However, there is no evidence confirming that the cross-sectional area of the psoas muscles has a good correlation with the whole-lumbar or the whole-body muscle volume. Among 396 patients with end-stage liver disease, PMI was less likely to predict mortality than SMI in male patients. Male patients who died had a lower SMI but not a lower PMI compared to male patients who were alive [39]. Therefore, the entire skeletal muscle at the L3 vertebra level should be measured.
The attenuation of muscle was additionally measured to evaluate muscle quality. Low muscle attenuation, referred to as myosteatosis, indicates increased intramuscular fat content, which contributes to muscle weakness independent of the age-associated loss in muscle mass [47,48]. Wang et al. showed that myosteatosis, but not muscle mass, is related to mortality in a study of 292 patients with end-stage liver disease [36].
The same cut-off value cannot be uniformly applied because the muscle mass varies according to age, sex, BMI, and ethnicity.

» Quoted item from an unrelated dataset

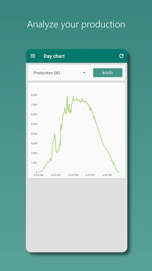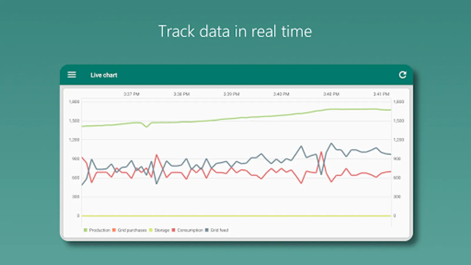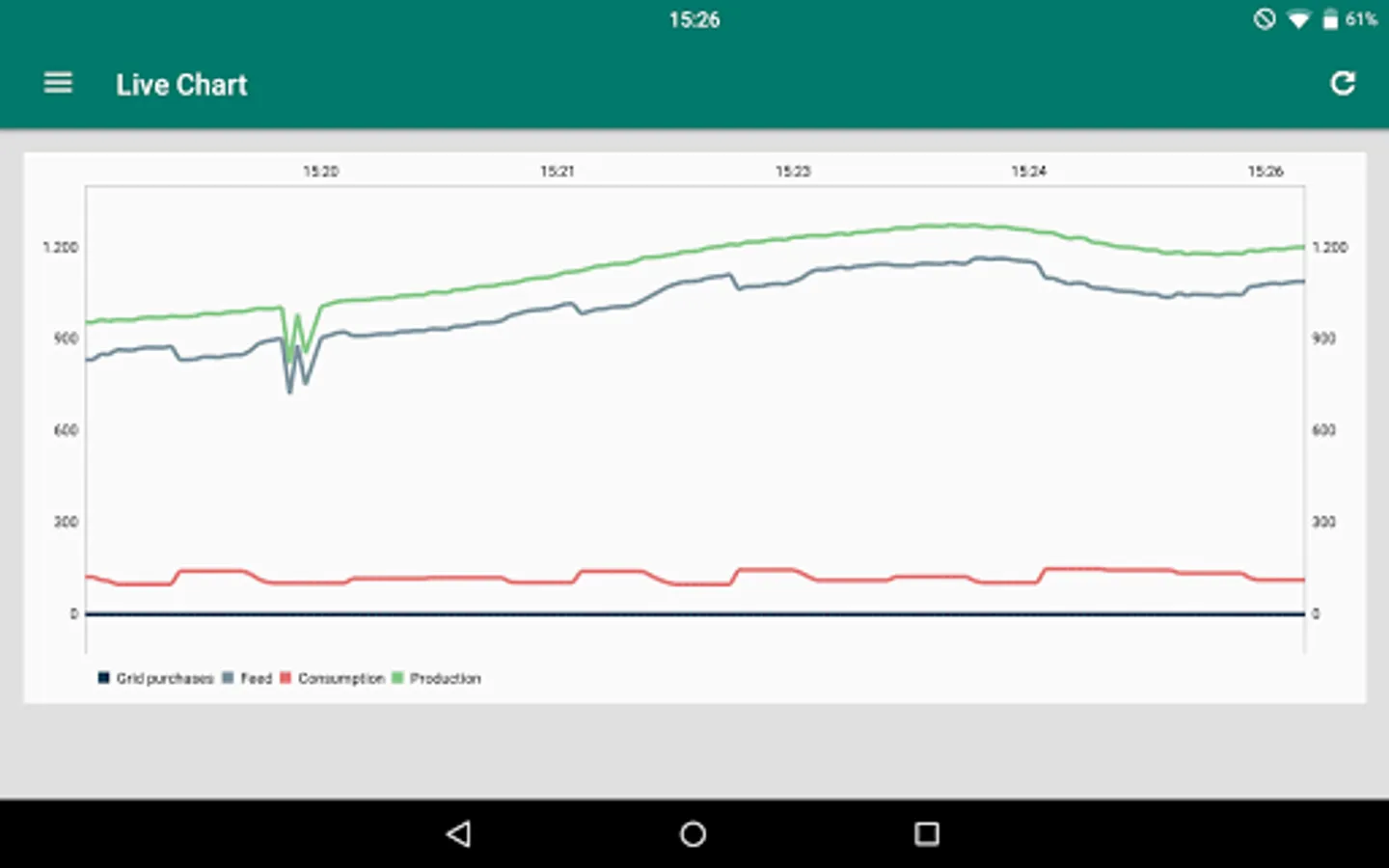 - Live chart of real time production, consumption, Grid feed and Grid purchases

There is wide heterogeneity in the cut-off values of SMI used to defined sarcopenia in chronic liver disease: A sex-specific cut-off value derived in patients with solid tumors related to mortality [34,35,49,50], a cut-off value according to BMI [36,37], a cut-off according to age [33], a cut-off defined from control subjects [33], and a cut-off from subjects using the sex-specific lowest quartile/tertile [32,38,40]. The North American Working group on Sarcopenia in Liver Transplantation suggested that the definition of sarcopenia in patients with end-stage liver disease waiting for LT should be defined as SMI less than 50 cm2/m2 for males and less than 39 cm2/m2 for females at the L3 level [7]. In their study, there were no statistically significant differences in SMI according to ethnicity.

2.4. MRI

MRI can also be used to evaluate muscle quantity and quality. MRI provides high resolution and permits the separation and quantification of muscle compartments and fat distribution. It can be used to evaluate detailed anatomical changes of muscle, including muscular atrophy, fatty degeneration, and edema. In contrast to CT, MRI carries no risk of ionizing radiation exposure or kidney injury due to iodine contrast media administration. MRI can be performed without the administration of contrast media because of its high soft-tissue contrast and multiparametric characteristics.

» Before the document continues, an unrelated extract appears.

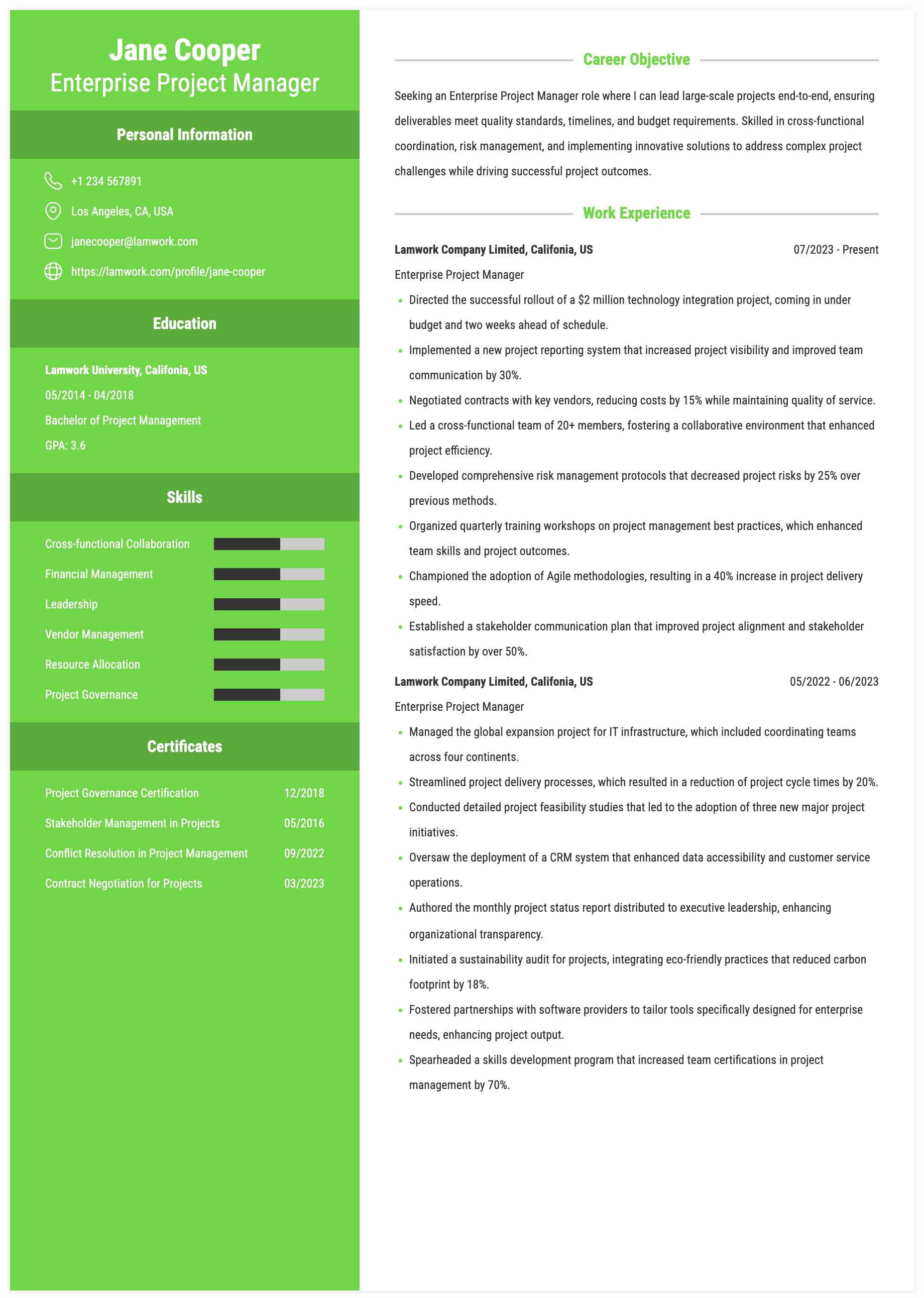ENTERPRISE PROJECT MANAGER RESUME EXAMPLE

With advances in MRI techniques, the assessment of the chemical composition of tissue has also become possible. MR spectroscopy (MRS) is a representative MR technique that assesses the chemical composition of tissue [51,52]. DIXON-based MRI is a recent MRI technique challenging MRS by using a chemical shift to enable the selective reconstruction of fat signal- and water signal-only images [53,54]. Quantitative analysis using DIXON-based MRI showed an excellent correlation in MRS, which outperformed visual assessment in the detection of muscle fat content [55]. These fat quantification MRI techniques could be applied to the evaluation of sarcopenia in terms of muscle quality assessments in patients with chronic liver disease (Figure 4).

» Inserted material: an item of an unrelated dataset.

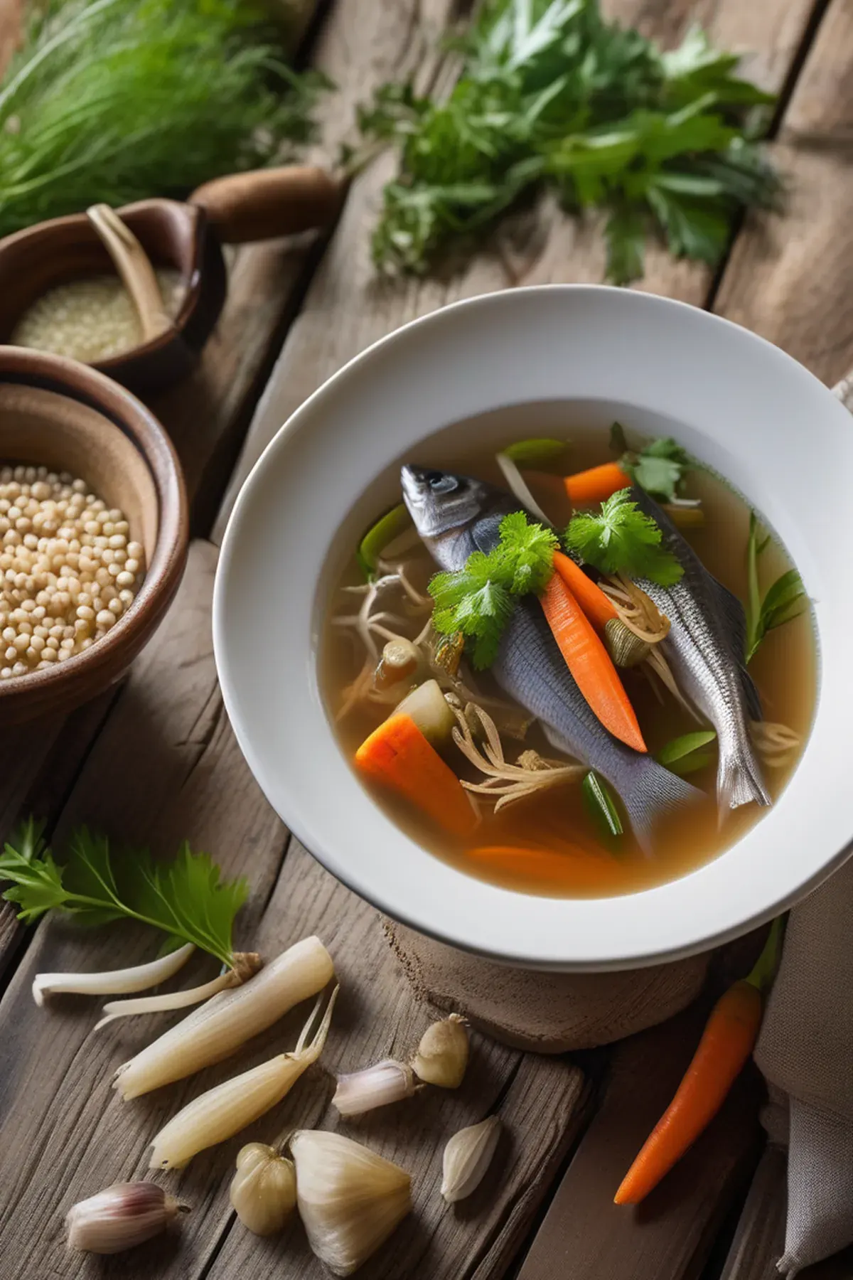 A clear and flavorful broth made with fish and vegetables, perfect for soups or sauces.

Figure 4. Example MR images (fat fraction) of cross-section of the spinal muscles at the Superior Mesenteric Artery level in two patients with low fatty degeneration (a) and high fatty degeneration (b). (a) The area and fat fraction of the left spinal muscle were 3150 mm2 and 10.3%. (b) The area and fat fraction of the left spinal muscle were 1394 mm2 and 44.3%. An axial three-dimensional multi-echo-modified Dixon gradient echo sequence was used for the MRI. Imaging parameters for the sequence were as follows: six Echo Time (TE)s (first TE shortest automatic (0.9–1.2ms), delta TE 0.8–1.01ms); Repetition Time (TR) shortest automatic (5.8–6.3 ms); flip angle =3; field of view = 35 × 35 cm2; 3 mm slice thickness with no gap; matrix size = 300 × 300; number of slices = 60; scan time = 14.1 s; parallel imaging SENSE factor = 2; number of signal average = 1. The sequence automatically produces water, fat, fat fraction, R2*, and T2* maps.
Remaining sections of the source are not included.